NoCs are composed of routers and links. As illustrated in Fig. 1, the components of a router can be partitioned into the datapath group, which mainly consists of memory elements, and the control plane group, which mainly consists of combinational logic circuits [2]. Previous research has been focusing on tolerating soft errors in links [3] and router datapath [4], which are supposed to be more susceptible to soft errors than the router control plane. However, the Soft Error Rate (SER) in nowadays combinational logic circuits is already comparable with that encountered in unprotected memory elements [5]. Consequently, we further concentrate our attention on soft errors occurring in the router control plane.

The main functional units in the router control plane are Routing Units (RUs), Virtual Channel (VC) allocators, and switch allocators. For each received packet, the RU computes the output port, the eligible output VCs at that output port when adaptive routing algorithms, e.g., [6], are used, and the necessary misrouting information when fault tolerant routing algorithms, e.g., [7], are used. The VC allocator chooses one free eligible output VC and assigns it to the packet. Switch allocators decide which flits can be transmitted in the next clock cycle. We note that soft errors in these functional units can lead to deadlock or flits loss during packets transmission.

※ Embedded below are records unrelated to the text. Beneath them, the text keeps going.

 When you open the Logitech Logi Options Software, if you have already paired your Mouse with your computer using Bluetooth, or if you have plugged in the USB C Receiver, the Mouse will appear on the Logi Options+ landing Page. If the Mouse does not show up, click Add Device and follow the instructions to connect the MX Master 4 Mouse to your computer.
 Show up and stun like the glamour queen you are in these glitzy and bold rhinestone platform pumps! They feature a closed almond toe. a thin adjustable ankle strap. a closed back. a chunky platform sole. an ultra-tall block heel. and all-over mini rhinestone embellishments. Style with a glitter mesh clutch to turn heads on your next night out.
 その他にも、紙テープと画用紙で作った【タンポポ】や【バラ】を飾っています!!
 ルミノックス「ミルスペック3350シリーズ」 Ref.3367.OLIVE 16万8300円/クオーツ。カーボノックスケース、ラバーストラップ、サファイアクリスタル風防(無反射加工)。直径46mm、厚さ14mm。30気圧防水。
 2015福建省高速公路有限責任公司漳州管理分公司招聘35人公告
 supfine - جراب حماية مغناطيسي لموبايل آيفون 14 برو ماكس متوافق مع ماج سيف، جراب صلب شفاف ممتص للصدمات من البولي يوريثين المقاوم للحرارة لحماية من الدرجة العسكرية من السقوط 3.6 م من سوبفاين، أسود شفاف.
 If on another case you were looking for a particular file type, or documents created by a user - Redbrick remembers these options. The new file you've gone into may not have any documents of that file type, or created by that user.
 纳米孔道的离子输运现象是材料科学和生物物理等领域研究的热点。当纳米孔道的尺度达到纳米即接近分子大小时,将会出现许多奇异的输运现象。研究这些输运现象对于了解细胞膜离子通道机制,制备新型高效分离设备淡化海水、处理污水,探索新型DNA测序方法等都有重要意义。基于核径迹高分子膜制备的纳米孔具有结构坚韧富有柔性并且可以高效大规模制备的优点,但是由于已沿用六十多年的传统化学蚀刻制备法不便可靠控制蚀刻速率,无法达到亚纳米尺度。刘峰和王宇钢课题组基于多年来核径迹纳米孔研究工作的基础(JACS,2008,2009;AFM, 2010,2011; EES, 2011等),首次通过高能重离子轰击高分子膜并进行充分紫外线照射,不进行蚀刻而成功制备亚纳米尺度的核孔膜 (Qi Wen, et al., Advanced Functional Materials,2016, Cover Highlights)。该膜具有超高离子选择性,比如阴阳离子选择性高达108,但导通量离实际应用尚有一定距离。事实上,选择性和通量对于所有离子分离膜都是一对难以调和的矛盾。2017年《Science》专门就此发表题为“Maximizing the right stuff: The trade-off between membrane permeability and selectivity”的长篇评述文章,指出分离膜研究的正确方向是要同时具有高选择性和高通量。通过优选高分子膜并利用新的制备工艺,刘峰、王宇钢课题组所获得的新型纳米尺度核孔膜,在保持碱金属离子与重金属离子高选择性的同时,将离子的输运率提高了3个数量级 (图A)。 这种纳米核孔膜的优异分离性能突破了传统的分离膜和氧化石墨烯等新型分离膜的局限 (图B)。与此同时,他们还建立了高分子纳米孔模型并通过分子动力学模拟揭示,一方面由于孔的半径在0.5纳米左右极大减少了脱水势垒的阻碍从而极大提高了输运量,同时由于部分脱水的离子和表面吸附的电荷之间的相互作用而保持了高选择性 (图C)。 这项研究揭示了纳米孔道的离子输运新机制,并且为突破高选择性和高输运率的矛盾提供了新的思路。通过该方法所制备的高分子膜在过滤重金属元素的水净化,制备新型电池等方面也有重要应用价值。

A soft error occures only if a Single Event Transient (SET) is propagated to an output and latched into a memory element [8]. During the propagation, SETs can be diminished by logical masking, electrical masking, and temporal masking mechanisms [9]. Circuit design methods, e.g., gate resizing [10], circuit rewiring [5], and output multiple sampling [11], have been proposed to exploit these masking mechanisms. However, these methods have the drawbacks of high physical level design effort and high chip area overhead.

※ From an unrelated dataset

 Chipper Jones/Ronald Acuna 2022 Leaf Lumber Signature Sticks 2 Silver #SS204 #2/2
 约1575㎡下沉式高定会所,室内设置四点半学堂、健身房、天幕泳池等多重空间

In NoC routers, it is inherently required that one output resource can only be assigned to at most one request at a given time. This feature is exploited in [12]–[14] to detect soft errors with low silicon overhead. However, such schemes either have restricted application scope [12], or are still too complicate to allow for practical implementations [13].

In this paper, we propose a low cost method to tolerate soft errors in the main functional units in the router control plane.

By noticing that the RU is usually replicated at each input ports, especially if it is logic based, and it is only used when a head flit arrives at that port, we propose to utilize idle neighboring RUs as well as the local RU to do redundant Routing Computation (RC) for the local routing requests. The proposed method requires 38% more area overhead than the  $\Sigma$  & Branch method proposed in [12] when XY routing algorithm is used on a 2D mesh NoC, but it is applicable in conjunction with many more routing algorithms. When compared with the Triple Modular Redundancy (TMR) strategy, for similar error detection and correction efficacy, our method



Fig. 1. Typical VC based router architecture.

can reduce the area and power overhead in RU by 53% and 38%, respectively, when Opt\_Y routing algorithm [6] is used.

One common requirement for the VC Allocation (VA) and Switch Allocation (SA) results is that they should be consistent with the RC results. Moreover, they must correspond to legal states, i.e., one output resource can maximally be assigned to one request. In view of these, we propose to detect the illegal VA results at the output port side by checking if multiple head flits were transmitted to the same output VC. We expand the method to detect illegal arbiteration results proposed in [12] to detect erroneous SA results and we implement it with simple logic. When compared with the Allocation Comparator (AC) unit in [13], our method is less expensive in terms of area and more reliable. If utilized in the realization of the combined VA/SA units, which are embedding matrix arbiters, the proposed method can reduce the TMR area and power overhead strategy by 40% and 46%, respectively.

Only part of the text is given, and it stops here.